# [What to do]
Would you please write out only the lines running from the top of the listing through the one holding "Лазер червоний - чудова", exactly, with both ends kept and pictures left out?

★ ★ ★ ★ ★ ★ ★

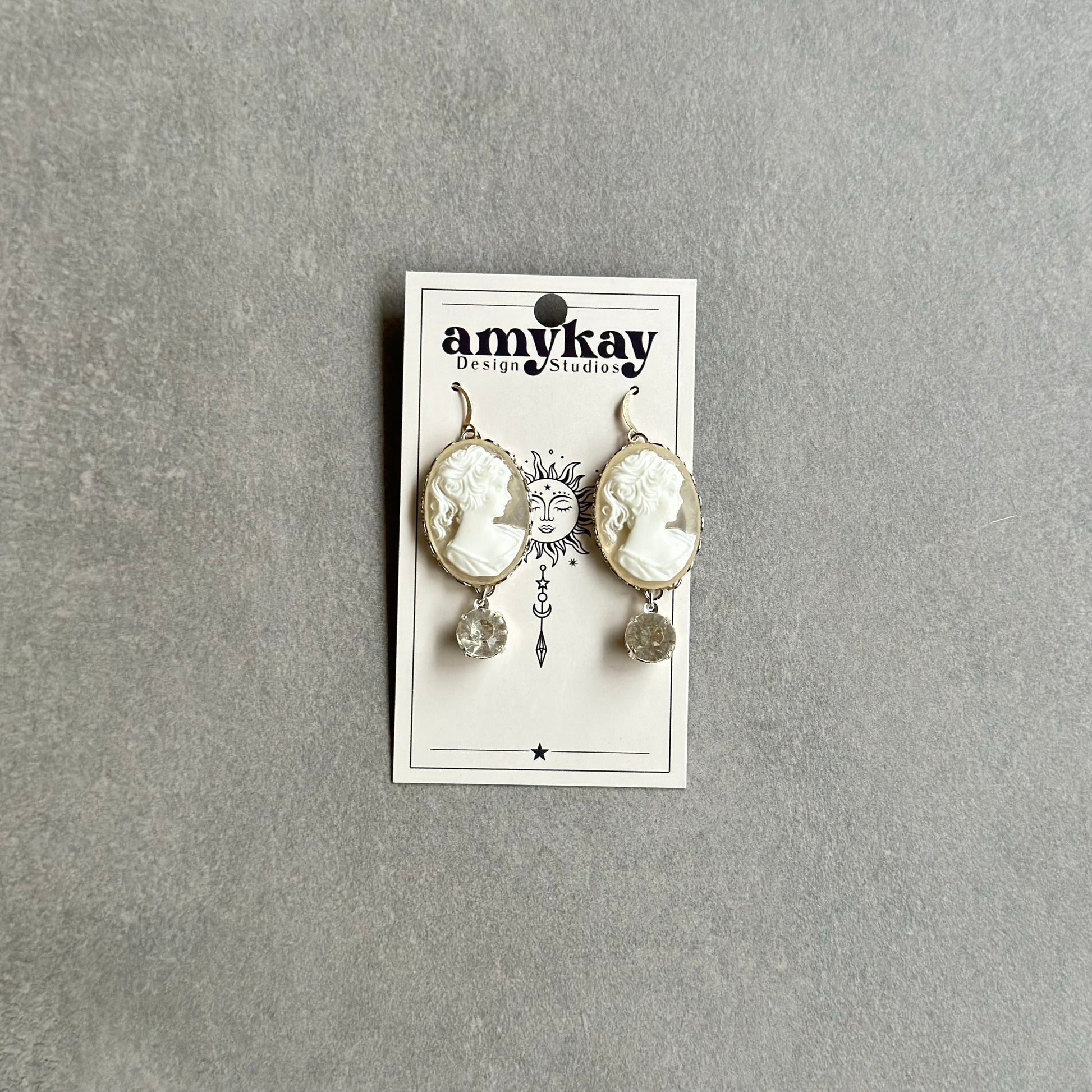 Handmade earrings made with vintage clear cameos in silver plated settings, vintage clear crystals, and sterling silver earring hooks
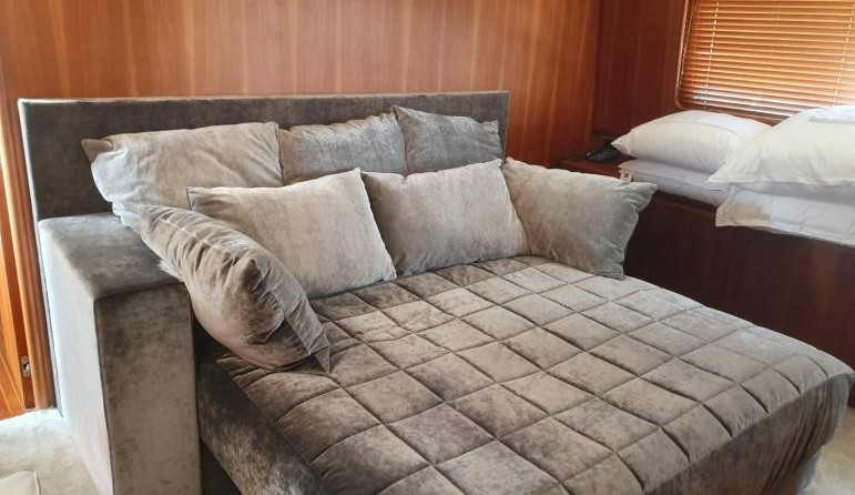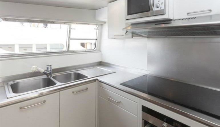 Con una trave di 6,5 m e un progetto di 1,4 m, ha un GRP scafo in VETRORESINA sovrastruttura. Questo si aggiunge ad una stazza lorda di 145 tonnellate.
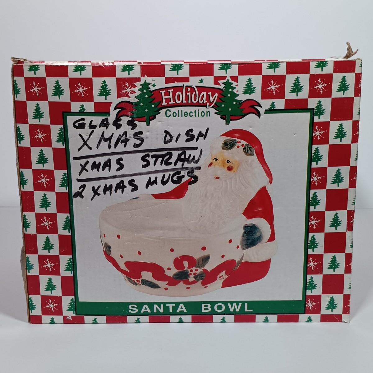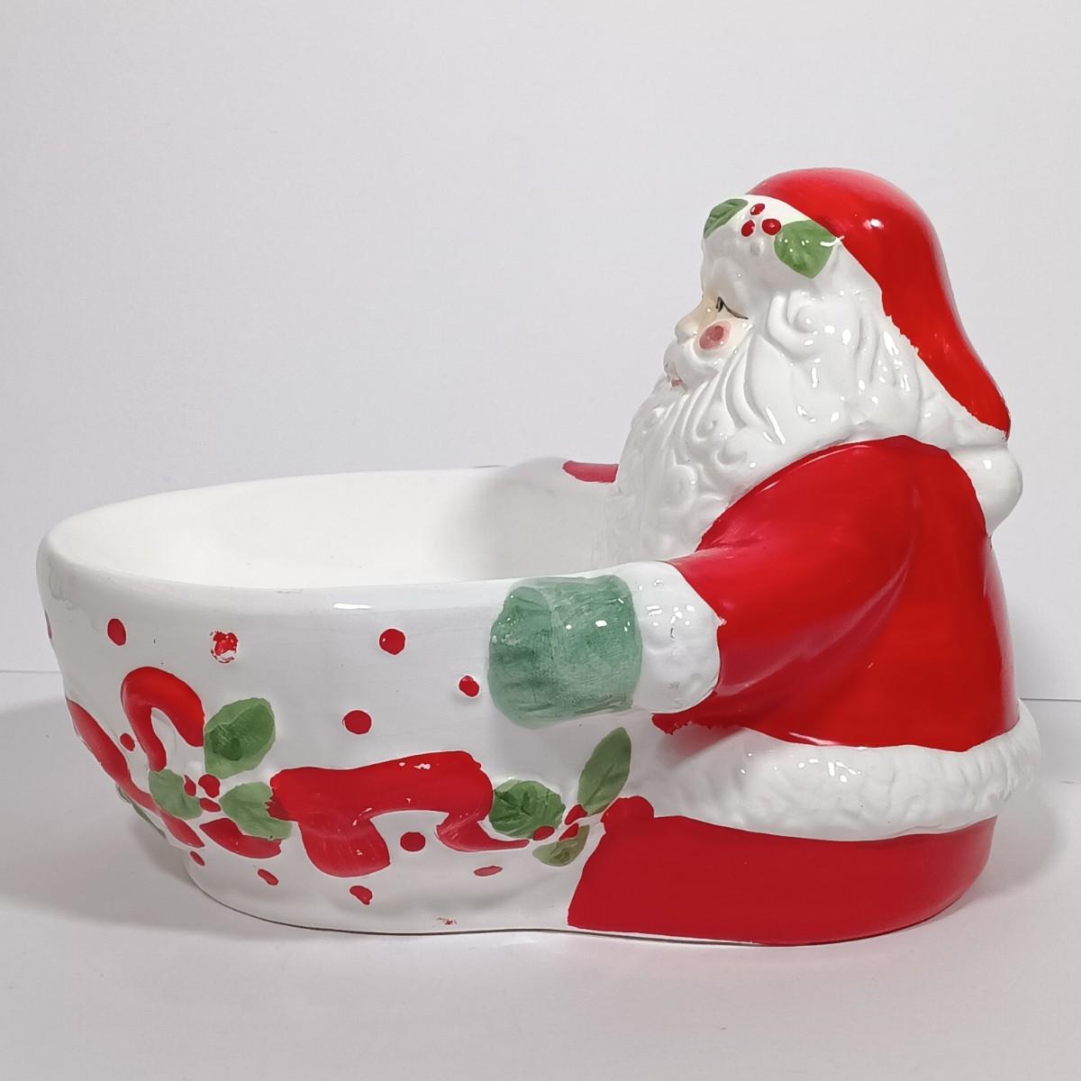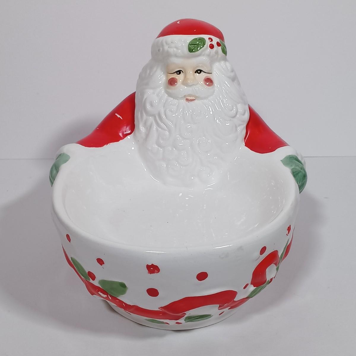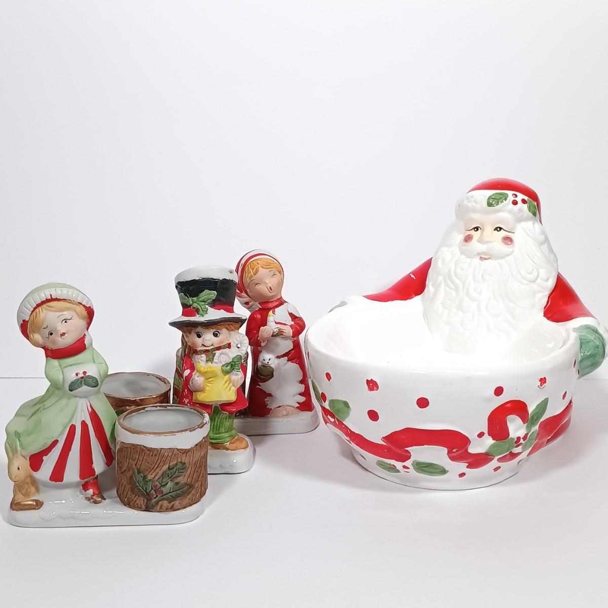 LOT 131L: Vintage World Bazaar Ceramic Santa Bowl with (3) Jasco Candle Holders
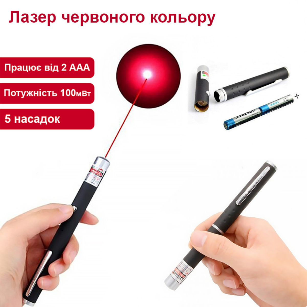 Лазер червоний - чудова і цікава річ, яка обов“язково Вам сподобається. Лазерна указка має яскравий червоний колір і на кінці світіння показує червону точку. Ви можете використовувати аксесуар для різних цілей. Лазер стане в нагоді вчителям і викладачам, лікарям, а також просто для повсякденного використання або для розваги. Крім того, лазерні указки дуже люблять деякі тварини. Характеристики: Простий у використанні Лазер – гарний подарунок для всіх Свічення – червона точка Кращий вибір для вчителів, викладачів, лікарів, Стане в нагоді для повсякденного використання або для розваг Добре видно у темряві Розмір лазера: 15 см. Розмір наконечника: 1см. Товщина: 1 см Працює від 2 батарейок ААА. Має вихідну потужність 100 мВт. Комплектація: Лазер 5 насадок 2 батареї (AAA)
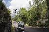 Top mountain bike jumps in Tour de France history On stage 10 of the 2019 Tour de France, in what is becoming something of a tradition, a mountain biker jumped over the peloton. Some people think this stunt is an accident waiting to happen, that it's highly irresponsible. Others think it's inspirational.

★ ★ ★ ★ ★ ★ ★

# [Task output]
 Handmade earrings made with vintage clear cameos in silver plated settings, vintage clear crystals, and sterling silver earring hooks
 Con una trave di 6,5 m e un progetto di 1,4 m, ha un GRP scafo in VETRORESINA sovrastruttura. Questo si aggiunge ad una stazza lorda di 145 tonnellate.
 LOT 131L: Vintage World Bazaar Ceramic Santa Bowl with (3) Jasco Candle Holders
 Лазер червоний - чудова і цікава річ, яка обов“язково Вам сподобається. Лазерна указка має яскравий червоний колір і на кінці світіння показує червону точку. Ви можете використовувати аксесуар для різних цілей. Лазер стане в нагоді вчителям і викладачам, лікарям, а також просто для повсякденного використання або для розваги. Крім того, лазерні указки дуже люблять деякі тварини. Характеристики: Простий у використанні Лазер – гарний подарунок для всіх Свічення – червона точка Кращий вибір для вчителів, викладачів, лікарів, Стане в нагоді для повсякденного використання або для розваг Добре видно у темряві Розмір лазера: 15 см. Розмір наконечника: 1см. Товщина: 1 см Працює від 2 батарейок ААА. Має вихідну потужність 100 мВт. Комплектація: Лазер 5 насадок 2 батареї (AAA)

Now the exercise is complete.